Many of today’s data centers were built and optimized for traditional workloads, such as cloud, hybrid cloud, and SaaS database workloads which were addressed using dedicated servers. AI training maps somewhat well to such deployments, which typically involve allocations of dedicated servers. But as we shift to the AI workloads of tomorrow, we must rethink an architecture for cloud inference that can deliver much lower power and latency, including greater edge deployment that meets user requirements.
This will require a complete rethink of data center architecture to support efficient cloud-based inference, necessitating a major evolution in areas like the core ASIC chips, high bandwidth memory, interconnect, and the AI software ecosystem. We will see rapid advancements in new chip architectures, advanced networking, materials, packaging, and more.
With all the innovation needed, where will it come from, and are the large infrastructure players going to be disrupted?
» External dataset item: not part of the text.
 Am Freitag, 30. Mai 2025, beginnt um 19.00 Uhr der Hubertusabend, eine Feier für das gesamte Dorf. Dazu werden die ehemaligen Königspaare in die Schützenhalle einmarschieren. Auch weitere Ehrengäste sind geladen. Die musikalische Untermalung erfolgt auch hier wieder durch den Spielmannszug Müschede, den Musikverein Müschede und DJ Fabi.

While big tech companies certainly have the benefit of incumbency and funding advantage, the startup ecosystem will play an absolutely crucial role in driving the innovation necessary to enable the future of AI. Large public tech companies often have difficulty innovating at the same speed as smaller, more nimble startups. Answering to shareholders, they often seek to avoid disrupting their own franchise and rely on internal innovation, rather than development based on first principles and willingness to optimize at the foundational layer. If they lean on partnerships or acquisitions of early-stage companies to insource innovation, it's when teams are able to get around the NIH bias.
In the startup world, however, we are seeing the necessary innovation starting at the silicon level, being funded and built. Within data center interconnect, for example, Eliyan has created an optimized architecture that densifies networking, making bit transmission between compute and memory nodes more streamlined, less power-hungry, and less expensive. Eliyan’s technology is implemented both through standalone chiplets as well as IP blocks designed into partner silicon to fundamentally rearchitect the network at the systems level. Breaking through the I/O memory wall bottleneck, Eliyan’s approach delivers an overall 10x improvement in AI performance.
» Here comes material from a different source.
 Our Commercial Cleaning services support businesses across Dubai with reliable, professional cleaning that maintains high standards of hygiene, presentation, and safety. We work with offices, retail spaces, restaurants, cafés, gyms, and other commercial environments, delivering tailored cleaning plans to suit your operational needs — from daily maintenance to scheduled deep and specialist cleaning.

On the compute side, Recogni has developed a specialized generative AI system purpose-built for data center inference. The company’s instruction set architecture utilizes a cutting-edge logarithmic math approach that allows its system to turn multiplication matrix calculations into additions, cutting computational complexity and making its chips a lot smaller, faster, and more efficient. This approach is anticipated to be disruptive as compared to inferencing based on Nvidia GPU platforms.
These are just two examples of the growing number of emerging companies in this space as funding continues to flood in from investors, reaching over $55bn through Q3 in 2024. Of course, success is never guaranteed in the startup world, and certainly not in a sector undergoing such a flurry of competition and expansion.
What we know is that we can’t afford not to invest in the kind of innovation necessary to create a sustainable future for AI. The future of industry and our Earth depend on it.